Was haben ein Arzt und das von ihm bekämpfte Virus gemeinsam? Richtig - beide wollen ihr Ziel durch eine Injektion erreichen. Und dabei gehen beide nach dem gleichen Prinzip vor: Sie machen Druck.
Phage T4
Gleich ist es soweit: Die Kanüle der Spritze durchstößt Haut und Gefäßwand der Patientin. Genau wie der Bakteriophage Lambda, der an sein Opfer andockt und mittels Enzymen die Umhüllung der Bakterienzelle öffnet. Würden die Prozesse an dieser Stelle gestoppt, wäre das fatal: Der Arzt könnte seinen Impfstoff, der Phage sein Erbgut nicht loswerden. Denn was beiden noch fehlt, ist der richtige Druck.

In der Theorie glaubt die Wissenschaft schon lange an die Schlüsselrolle, die der Druck bei der viralen Injektion von Erbgut spielt. Die experimentelle Überprüfung dieser Hypothese stößt aber auf Probleme: Jeder Physiker könnte leicht den Druck in einer Spritze bestimmen – doch wie lässt sich der Druck in Innern eines winzigen Virus-Partikels messen?

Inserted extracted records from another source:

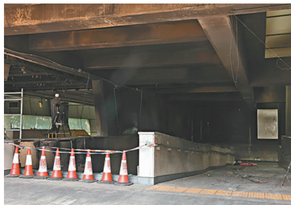
◆縱火案中，南昌站C出口及旁連行人隧道嚴重熏黑。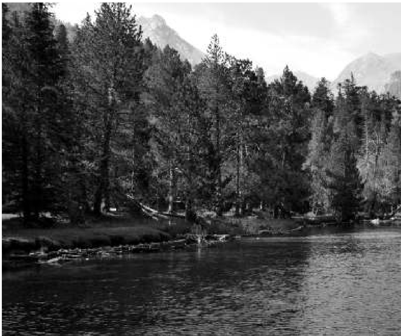
El camí fins a Aigüestortes, des de la Vall de Boí, és tota una aproximació a la part baixa del parc.

És una flor que fa de 3 a 5 centímetres de diàmetre i creix als pasturatges alts i roquissers del Pirineu, sobretot als massissos calcaris del sector occidental entre els 1.700 i els 3.200 metres d'altitud. Al sector oriental només se n'han pogut trobar a la comarca del Berguedà, a Falgars.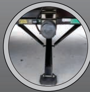
STABILISATEURS ÉLECTRIQUES (N/D BREEZE)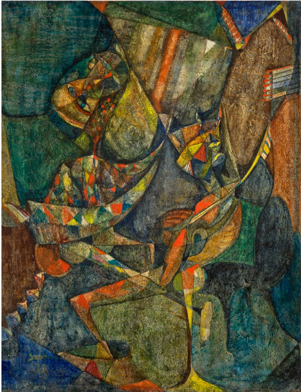
SZÓBEL Géza: Zenész Harlequin , 1934, olaj, fa, 120×95 cm ←

Klausz 30-as években készült, kis méretű pasztelképei egyszerre nyugóznak le virtuozitásukkal és a kis formátumon túlmutató, monumentális gomolygással, szín- és formaáramlással. Megidézik – különösen a kiállításon látható olajképeken – František Kupka orfizmusát és zenei hatású festményeit.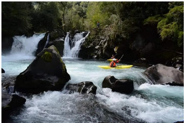
Cascadas del Río Negro

Ubicadas en el sector de Chaqueihua y en medio de la naturaleza, estas hermosas caídas de agua tienen aproximadamente 3 metros de altura. Además, se puede disfrutar de un entorno con bosques frondosos, riachuelos y un ambiente lleno de paz y tranquilidad. Se ubican a unos 10 minutos de Hornopirén, donde se encuentran distintos centros turísticos que ofrecen servicios de camping, alimentación y senderos, los que después de un corto recorrido permiten ver las cascadas que componen las múltiples caídas de agua. El río Negro es también un lugar perfecto para las actividades de deportes acuáticos como el kayak. (Municipalidad de Hualaihué).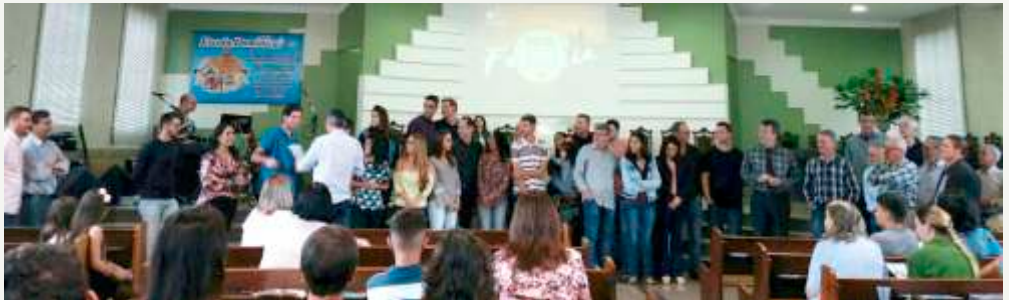
UPH ora pelos jovens e revela PAIS DE ORAÇÃO

O DJP (Dia do Jovem Presbiteriano) deste ano foi comemorado com muito entusiasmo, alegria e comunhão no Senhor. Sob a temática anual - “Quero ser atraído pelo teu amor”, baseada em (Jr 31.3), realizamos nosso encontro de jovens no Sábado 19/05 às 19h30min na 1ª Igreja Presbiteriana de Manhauçu. Contamos com o apoio das diretorias da nossa Federação e da Sinodal. Contamos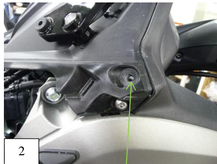
2 Plastic rivet to remove on each side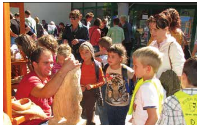
Oblikovanje podob iz lesa je navdušilo tudi male obiskovalce prireditve.

v Sloveniji v izobilju, vendar lesa ne znamo uporabiti sebi v prid. Sekanje in prodaja lesa v tujino je pot k opustošenju naših gozdov, je opozoril Bervar, zato ne smemo dovoliti, da bi postali kolonija za izvoz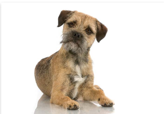
Juiste antwoord april: Border Terrier

Op onze Facebook-pagina kunt u iedere eerste dag van de maand meedoen aan het spel 'Raad het Ras'. In samenwerking met Kynoweb plaatsen we een vertroebelde foto van een rashond en u moet raden om welk ras het gaat. Onder de inzenders van het goede antwoord wordt iedere maand een boek verloot: 'Fokken van rashonden' of 'Handboek Kynologische Kennis 1'.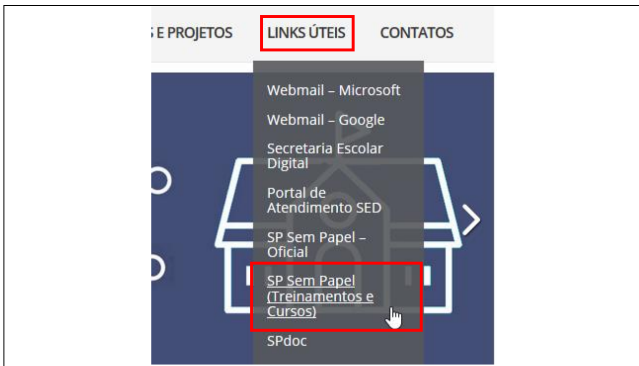
Figura 1.A – Acesso ao ambiente de treinamento (AVA) do SP Sem papel

Para acessar o Ambiente virtual de Aprendizagem (AVA) do SP Sem Papel utilize o endereço < https://treinamentos.spsempapel.sp.gov.br/ > ou o atalho pelo site da Diretoria de Ensino Região Mogi das Cruzes < https://demogidascruzes.educacao.sp.gov.br/ > em “LINKS ÚTEIS” → “SP Sem Papel (Treinamentos e Cursos)” (Figura 1.A):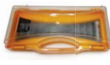
Code : 545115 Réf. : CGS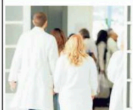
▲ Ieri il test per il concorso

La mafia foggiana sbarca a Venezia per 115 minuti. Con le sue faide, gli amori proibiti, e una donna che si oppone ad un destino già scritto. E' il Gargano aspro e cupo che segna il debutto in concorso alla prossima mostra. ● a pagina 8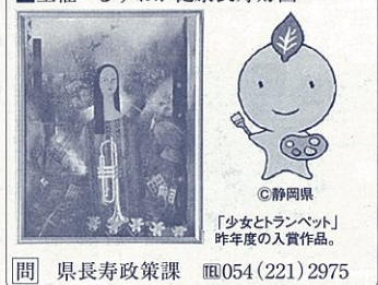
「少女とトランペット」昨年度の入賞作品。 県長寿政策課 電話054(221)2975

~静岡県の高い芸術レベルを感じてください~ 60歳以上の方たちの豊富な人生経験から生み出される美術作品の展示を行います。 長い間培ってきた技を發揮したすばらしい芸術作品が勢揃いしており、若い学生の皆さんにもきっと感じるものがあると思います。入場無料、どなたでも観覧できますので、ぜひ気軽に足を運んでください。 ■日時 1月17日(金)~26日(日) ※20日、22日は休館日及び作品入れ替えのため観覧できません。 ■展示内容 日本画、洋画、彫刻、工芸、書、写真 ■場所 県立美術館県民ギャラリー ■主催 しずおか健康長寿財団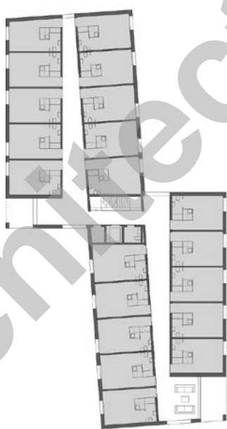
Plan étage type studio

PROJET > Large recours à la préfabrication. Chacune des quatre unités construites propose une affectation particulière. Le bâtiment A se divise en deux zones: au nord trente studios entièrement équipés et au sud, quinze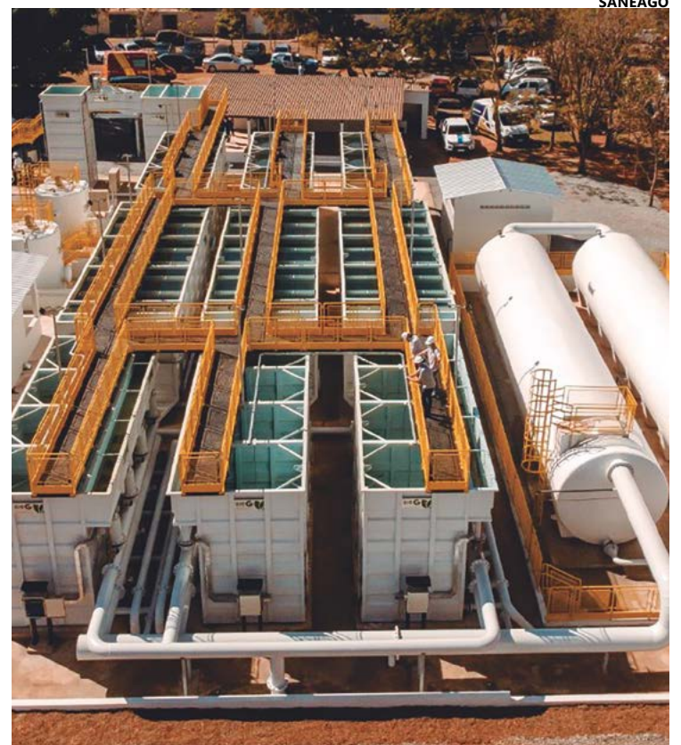
Expansão do sistema de tratamento tem objetivo de dobrar a capacidade

Há quatro anos, Anápolis tinha uma carência na área de saneamento hídrico, porém, o planejamento incluiu também ações para ampliar a rede de esgotamento sanitário. A Saneago detalha que já foram investidos R$ 69 milhões em esgoto, ampliando, desta forma, o atendimento para mais de 70 mil pessoas. Há ainda a previsão de outros R$ 67 milhões em obras, já contratados, para ampliação e melhorias da Estação de Tratamento de Esgoto (ETE) e construção de novos 200 km de

Alex Evilevitch von der University of California und seine Kollegen fanden die Lösung: Sie veranlassten Viren durch spezielle Signalproteine, ihre DNA-Fracht ohne Anwesenheit von Wirtszellen im Reagenzglas abzugeben. In verschiedenen Versuchsansätzen erhöhten sie dabei die Konzentration eines osmotisch wirksamen Stoffes in der wässrigen Viren-Lösung. Je höher der osmotische Druck, desto größer würde auch die Kraft, die sich dem DNA-Ausstoß entgegenstemmte.

Und tatsächlich wurde die ausgestoßene DNA-Menge bei steigendem osmotischen Druck immer geringer. Doch erst bei einem Druck von mehr als 2000 Kilopascal – das entspricht etwa dem 20fachen Druck der Erdatmosphäre – konnten die Viren ihre DNA überhaupt nicht mehr abgeben.

Wie erzeugen Viren diesen enormen Druck? Evilevitch und seine Mitarbeiter gehen davon aus, dass die extrem dichte Packung der DNA-Moleküle im Innern der Virenhülle dafür verantwortlich ist. Durch die geringen Abstände der Ketten des gefalteten Moleküls entstehen starke Abstoßungskräfte. Diese Kräfte müssen beim Verpacken der DNA durch die Arbeit eines vom Wirt erzeugten Motorproteins aufgebracht werden. Und dies sind die gleichen Kräfte, die bei der Injektion des Erbguts in die nächste Wirtszelle eingesetzt werden können, um gegen den osmotischen Druck des Bakteriums anzukommen.

Im Druck der Virenkapsel wird also die Arbeit des vorigen Wirtes gespeichert und mit zum Ort der nächsten Infektion transportiert. Ein raffinierter Mechanismus, denn das Virus kann selbst ja keine Arbeit leisten: Ohne einen Stoffwechsel fehlt ihm auch die Möglichkeit, Energieträger zu erzeugen und umzusetzen.

Und während der Arzt schließlich doch auf die Kraft seines Daumens zurückgreifen muss, um die Spritze zu verabreichen, kann sich das Virus getrost darauf verlassen, dass für ihn bereits alle Arbeit erledigt wurde.